Alabama coach Nick Saban acknowledged that OSU stopped itself as much or more than his team stopped the Buckeyes in the first half.
“We were up 21-6 because of two turnovers and two stops in the red area. So we weren’t really stopping them,” Saban said.
OSU scored the first time it had the ball in the second half on a 47-yard touchdown pass to Devin Smith from Jones. Then Miller’s interception return made it 34-21 with 3:21 left in the third quarter.
Alabama cut the lead to 34-28 in the final minute of the third quarter and the Buckeyes spent much of the fourth quarter defending their lead with their backs pushed up against their own goal line.
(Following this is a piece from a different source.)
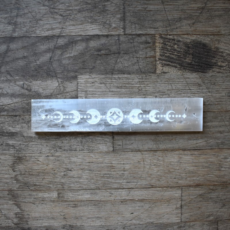Precioso porta incienso artesanal elaborado en selenita con motivo de los Wicca, ideal para utilizar con varillas de inciensos y así aumentar su poder.
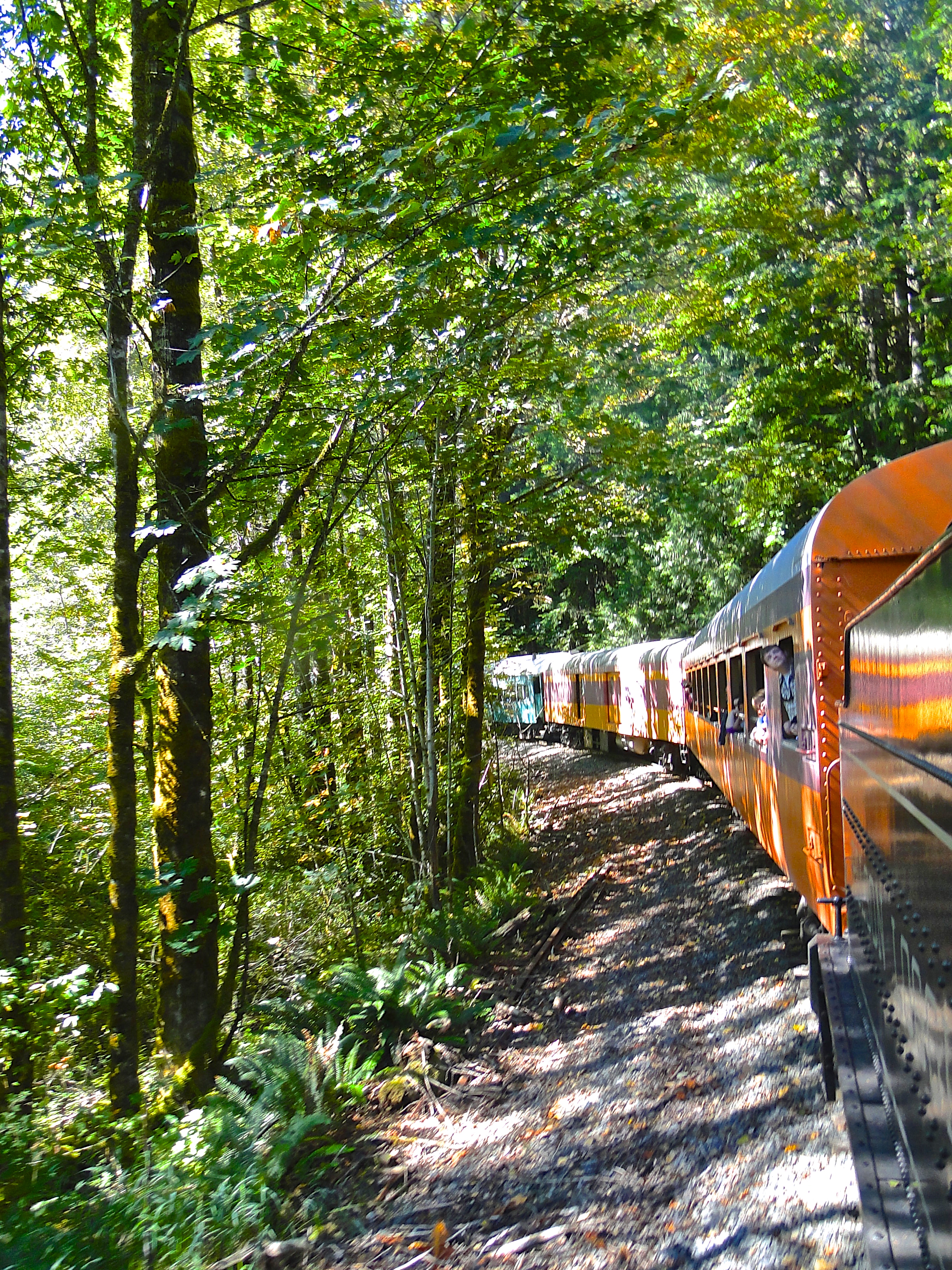 Continuing on the adventure, the train will cross back across the high way and across a bridge over the Nisqually River. On a clear day you can look upriver to enjoy the grandeur of the river’s source – Mt. Rainier. The mountain will show her face a bit throughout the latter half of the ride, peaking above the hills and adding another dimension to the scenes of changing leaves, flowing rivers, and forested hillsides.

Ohio State’s first three possessions in the fourth quarter started on its own 9-yard line, its own 8-yard line and its own 5-yard line. In between the first of those two, OSU dodged big trouble when Vonn Bell intercepted a pass at the 8-yard line after a short punt.
Elliott’s 85-yard run and a two-point conversion pass from Jones to Thomas made it 42-28. But that wasn’t the end of Alabama.
A six yard pass from Blake Sims to Cooper made it 42-35 with 1:59 to play. OSU had to recover an onside kick and couldn’t relax until Tyvis Powell intercepted Sims in the end zone as time ran out.
Elliott was named Offensive Player of the Game and linebacker Darron Lee (2 sacks, 3 tackles for losses) was Defensive Player of the Game.
“It’s truly special. All the hard work paid off,” senior tight end Jeff Heuerman said.
Senior defensive lineman Michael Bennett said, “People doubted us all year and every week we’d come out to play and we worked our butts off and believed in ourselves and it all worked out.”
Oregon rolled over defending national champion Florida State 59-20 in the other semifinal.
When Meyer heard that score for the first time during his postgame press conference, he smiled and said, “I’ve got to go. We’ve got to get ready for that one.”
Based on its last two games, being ready shouldn’t be a worry for Ohio State.